Earlier this week, Fatah chose incumbent Salam Fayyad as its candidate for the premiership. Fatah leaders argued that Fayyad is the safest choice given the fact that he is independent, internationally accepted and would guarantee the continued influx of mainly Western financial aid to the Palestinian Authority, an entity lacking political and economic sovereignty.

However, Hamas, which has rejected Fayyad for the premiership, argued that the West-leaning prime minister had a "black record", especially with regards to security coordination with the Israeli army, mainly against Hamas, and that he stood at the helm of a government that practised torture and violated the basic human and civil rights of Palestinians.

Some Palestinian observers argue that regardless of the identity of the next Palestinian prime minister, his government will be an interim one and that it would be unwise to allow this sticking point to abort the Palestinian reconciliation process.

One Palestinian commentator from Bethlehem described the disproportionate contention over the issue as reflecting a stunning lack of political immaturity on both sides.

"In the final analysis, this is a non-issue; do they think that whoever is going to be prime minister will have powers that would enable him to conquer the world?
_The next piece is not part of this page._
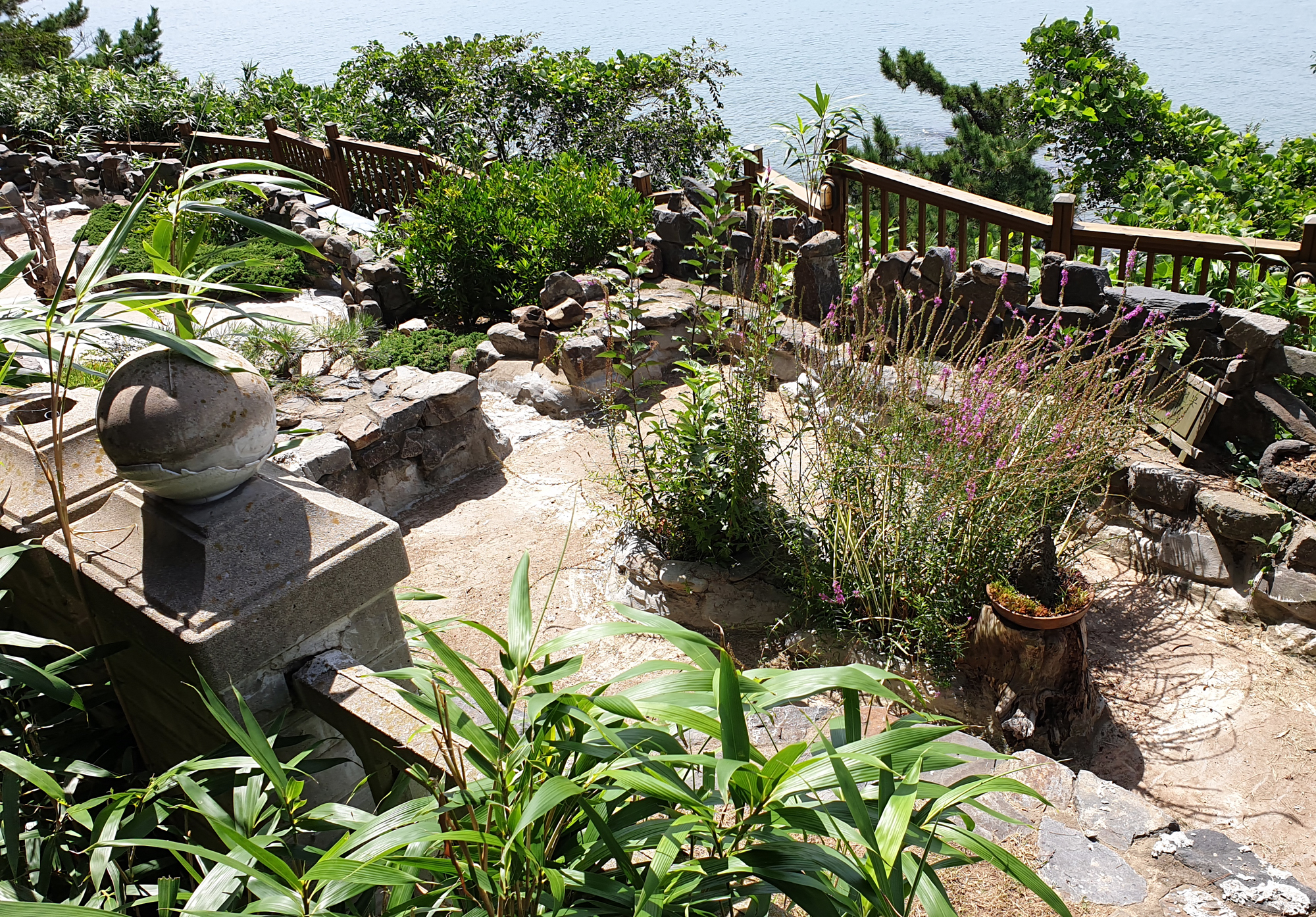죽도 한가운데에는 상화원이 있다. 상화원(尙和園)은 ‘조화를 숭상하는 정원’이라는 뜻. 이곳은 정녕 휴식의 공간이자 진정한 만남의 장소였다. 자연환경과 뒤섞인 건축물과 조경, 부대시설이 너무나도 조화로워 하나의 예술작품 같다는 생각이 들게 했다. 나무 그늘을 만드는 녹음수 밑에 조성된 의자와 돌덩이들, 바다가 내려다보이는 전망 쉼터와 매점, 보행 길 중심으로 구성된 정원과 생태 공간 모두 하나 같이 서로 잘 어울렸다.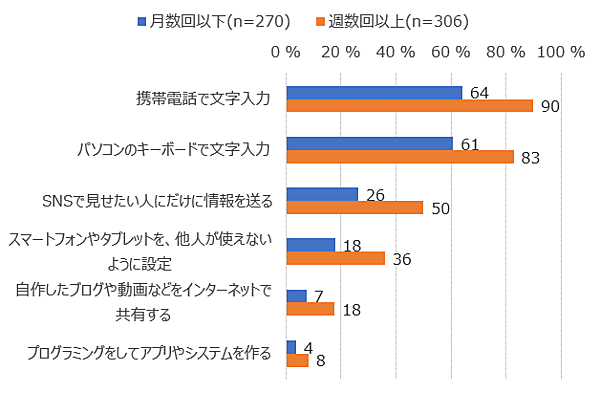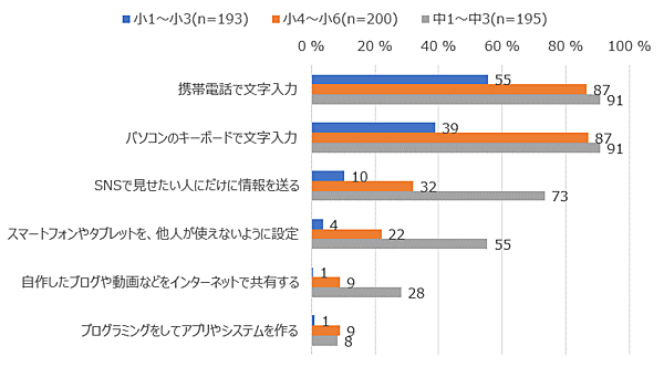 まず「携帯電話で文字入力」「パソコンのキーボードで文字入力」「SNSで見せたい人にだけ情報を送る」「スマホやタブレットを、他人が使えないように設定」「自作ブログ・動画などをインターネットで共有」「プログラミングでアプリやシステムを作る」といったICTスキルについて、実施可能かどうかを聞いた(子が回答)。

He would still be the prime minister of a quasi government that lacks sovereignty and is subject to the Israeli will and restrictions," said Hamdi Faraj.

Meanwhile, Hamas is coming under intense pressure from its grassroots supporters who have complained that the PA security agencies are continuing to detain Hamas supporters for "the most trivial of reasons".

On 13 June, PA security forces in Nablus suppressed a demonstration by dozens of men, women and children protesting against the continued imprisonment of their sons and relatives who are affiliated with Hamas.

The protesters carried placards and signs reading "The people want the PA to free political detainees". Another placard read "Releasing the detainees is the real test for the success of the reconciliation agreement."

A spokesman for the PA said the demonstration was suppressed because it was held without a prior permit from the police.

Some of these grievances were echoed by Ismail Ashkar, the deputy head of Hamas's bloc in the Palestinian Legislative Council. He argued that leaving the "political incarceration file" to the end could torpedo progress on other files. "Discussion of the issues should assume a parallel rather than a sequential nature, because all the issues are interrelated."

Another Islamist leader, Salah Al-Bardawil, refused to accept the assumption that Hamas's rejection of Fatah's choice of Fayyad as prime minister could threaten national reconciliation between the two groups. "There is no real correlation between this issue [Fayyad] and national reconciliation. National reconciliation is our strategy and ultimate goal, but there are certain red lines that we must observe and refuse to cross."

One positive factor militating in favour of a successful conclusion to Hamas-Fatah talks in Cairo is the realisation of both sides that failure would only benefit Israeli Prime Minister Binyamin Netanyahu, who remarked last week that he prayed that national unity talks between Fatah and Hamas would fail for the sake of the continuation of the peace process.

Netanyahu pointed out that Israel would offer concessions to Abbas in the case the PA decided to sever ties with Hamas and re-establish the rift between the Gaza Strip and the West Bank.

Israel is worried that with Hamas taking part in the Palestinian national decision-making process, the overall Palestinian bargaining position would be stronger and that Israel would be unable to wrest the far-reaching concessions it covets from a PA leadership that is more vulnerable to its diktat.

Hamas, many observers have noted, has succeeded in forcing Fatah to adopt stronger stands on the fundamental issues of Jerusalem and the right of return for millions of Palestinian refugees uprooted from their ancestral homeland when Israel was established more than 63 years ago.